Dr. Gordan Freeman, professor of Medicine @ Dana-Farber Cancer Institute and Harvard Medical School, first gave us a historical overview of PD-L1/PD-1. He then pointed out that only 30-40% of solid tumor patients would benefit from PD-1/PD-L1 therapy and pointed towards combination therapy as a strategy to benefit more cancer patients. Next, he revealed exciting new research focusing on PD-L2/RGMb interaction and gut microbiota as a candidate resistant mechanism to PD-1/PD-L1 cancer therapy. As a final note, Dr. Freeman showed KIR3DL3-HHLA2 interaction as a new immune checkpoint target that is complementary to PD-1/PD-L1 therapy.

Keynote 3: AI for genomic medicine: disease circuitry, patient heterogeneity, therapeutic design

Dr. Manolis Kellis, Professor of Computer Science and Artificial Intelligence @ MIT and Broad Institute, gave an overview of recent advances in disease phenotyping, genetics and single cell ‘omics. He highlighted major paradigm shifts in data, genomes and AI. He gave several specific examples on FTO genetic region in treating obesity, APOE, cholesterol transport in treating Alzheimer’s Disease, astrocytes’ function in cognitive resilience and single cell insights in schizophrenia. At the end of the talk, he showcased the power of AI in embedding knowledge and providing a map for researchers to speed up drug development.

Dr. Jun Wang shared his personal journey of 20 years in the field of immuno-oncology (I/O) witnessing the rise of PD-1 immunotherapy. For the annual review in oncology, he highlighted the approval of first T cell engager (Amgen’s DLL3/CD3) in solid tumor, IL15 (ImmunityBio) as the 3rd cytokine approved for cancer, the approval of first TIL therapy (Iovance) and the PD-L1/VEGF bispecific antibody success in the past year. He also highlighted several significant setbacks in TIGIT and CD47.  For the annual review in autoimmune diseases, he highlighted the excitement for Th2 cytokines blockade, TL1A deals in inflammatory bowel disease (IBD) and B cell targeted therapies. 

Dr. Lihua Yu highlighted the success of several synthetic lethal oncology targets, PRMT5 and WRN, in the past year. She also mentioned the success of first pan-RAS inhibitors bringing new hope for patients with KRAS mutations. Next generation of AR PROTAC degraders also showed better efficacy in prostate cancer patients compared with predecessors. In the end, she discussed the success and failures of TROP2 ADC trails.
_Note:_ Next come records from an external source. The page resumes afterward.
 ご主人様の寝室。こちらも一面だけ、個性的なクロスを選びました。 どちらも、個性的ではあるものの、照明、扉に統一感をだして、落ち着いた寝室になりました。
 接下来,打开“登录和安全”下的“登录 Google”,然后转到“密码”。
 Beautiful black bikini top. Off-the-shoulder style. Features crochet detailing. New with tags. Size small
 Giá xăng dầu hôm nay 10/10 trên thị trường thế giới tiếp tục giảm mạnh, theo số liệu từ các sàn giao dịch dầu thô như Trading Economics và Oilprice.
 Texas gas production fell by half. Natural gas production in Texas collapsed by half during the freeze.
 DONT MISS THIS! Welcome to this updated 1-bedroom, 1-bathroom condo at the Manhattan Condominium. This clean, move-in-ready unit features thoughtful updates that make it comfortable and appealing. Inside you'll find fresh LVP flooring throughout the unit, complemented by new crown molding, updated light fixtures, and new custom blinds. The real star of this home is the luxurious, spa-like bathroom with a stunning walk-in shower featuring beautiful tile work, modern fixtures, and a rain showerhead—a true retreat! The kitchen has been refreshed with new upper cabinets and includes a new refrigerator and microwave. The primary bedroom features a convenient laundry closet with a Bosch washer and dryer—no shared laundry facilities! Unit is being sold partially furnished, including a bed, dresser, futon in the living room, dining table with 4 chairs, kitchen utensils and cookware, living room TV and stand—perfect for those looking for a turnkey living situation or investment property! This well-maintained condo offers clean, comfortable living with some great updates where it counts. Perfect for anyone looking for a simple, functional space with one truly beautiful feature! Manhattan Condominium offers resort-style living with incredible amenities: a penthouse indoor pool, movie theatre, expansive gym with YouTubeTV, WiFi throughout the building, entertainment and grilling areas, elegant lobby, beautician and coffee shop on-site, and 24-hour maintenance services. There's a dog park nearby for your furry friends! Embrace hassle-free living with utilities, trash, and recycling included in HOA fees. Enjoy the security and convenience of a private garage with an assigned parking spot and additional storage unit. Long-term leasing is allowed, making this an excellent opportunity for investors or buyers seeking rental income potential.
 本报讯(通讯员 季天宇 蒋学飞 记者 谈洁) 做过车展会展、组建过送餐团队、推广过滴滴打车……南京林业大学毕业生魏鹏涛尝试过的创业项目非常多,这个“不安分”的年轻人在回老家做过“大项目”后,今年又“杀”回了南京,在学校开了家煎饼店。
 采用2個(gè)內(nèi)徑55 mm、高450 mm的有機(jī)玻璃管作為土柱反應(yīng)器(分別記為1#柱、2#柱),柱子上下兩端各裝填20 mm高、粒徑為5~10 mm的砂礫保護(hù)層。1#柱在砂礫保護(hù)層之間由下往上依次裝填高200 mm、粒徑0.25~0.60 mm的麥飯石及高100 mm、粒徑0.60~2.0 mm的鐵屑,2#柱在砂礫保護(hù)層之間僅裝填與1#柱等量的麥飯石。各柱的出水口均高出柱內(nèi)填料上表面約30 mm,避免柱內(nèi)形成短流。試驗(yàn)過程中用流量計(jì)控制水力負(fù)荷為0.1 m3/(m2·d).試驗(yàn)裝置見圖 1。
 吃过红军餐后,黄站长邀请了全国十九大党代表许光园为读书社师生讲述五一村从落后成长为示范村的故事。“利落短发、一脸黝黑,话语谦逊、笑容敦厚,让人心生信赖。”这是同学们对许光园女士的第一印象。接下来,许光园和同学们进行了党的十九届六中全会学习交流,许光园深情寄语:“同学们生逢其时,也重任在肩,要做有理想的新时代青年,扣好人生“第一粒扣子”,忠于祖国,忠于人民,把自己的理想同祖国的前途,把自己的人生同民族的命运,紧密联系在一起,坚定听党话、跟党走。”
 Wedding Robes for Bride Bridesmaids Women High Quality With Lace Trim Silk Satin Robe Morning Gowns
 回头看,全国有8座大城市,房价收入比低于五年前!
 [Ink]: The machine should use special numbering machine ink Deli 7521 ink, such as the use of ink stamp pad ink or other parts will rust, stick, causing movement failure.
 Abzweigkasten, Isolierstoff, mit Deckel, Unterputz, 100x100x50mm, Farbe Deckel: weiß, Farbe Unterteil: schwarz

Dr. Avery (Qinghong) Yan introduced session 3 by giving a high-level overview of the RNA field, Pros & Cons of different modalities, and the market performance all the approved RNA drugs. She then reviewed news in the RNA field in each month over the past year. 

Dr. Leon Tang gave an annual review on Biotech business news and an overview of the M&As in the past recent years in Biotech industries. He also showed the big biotechs and pharmaceuticals in China.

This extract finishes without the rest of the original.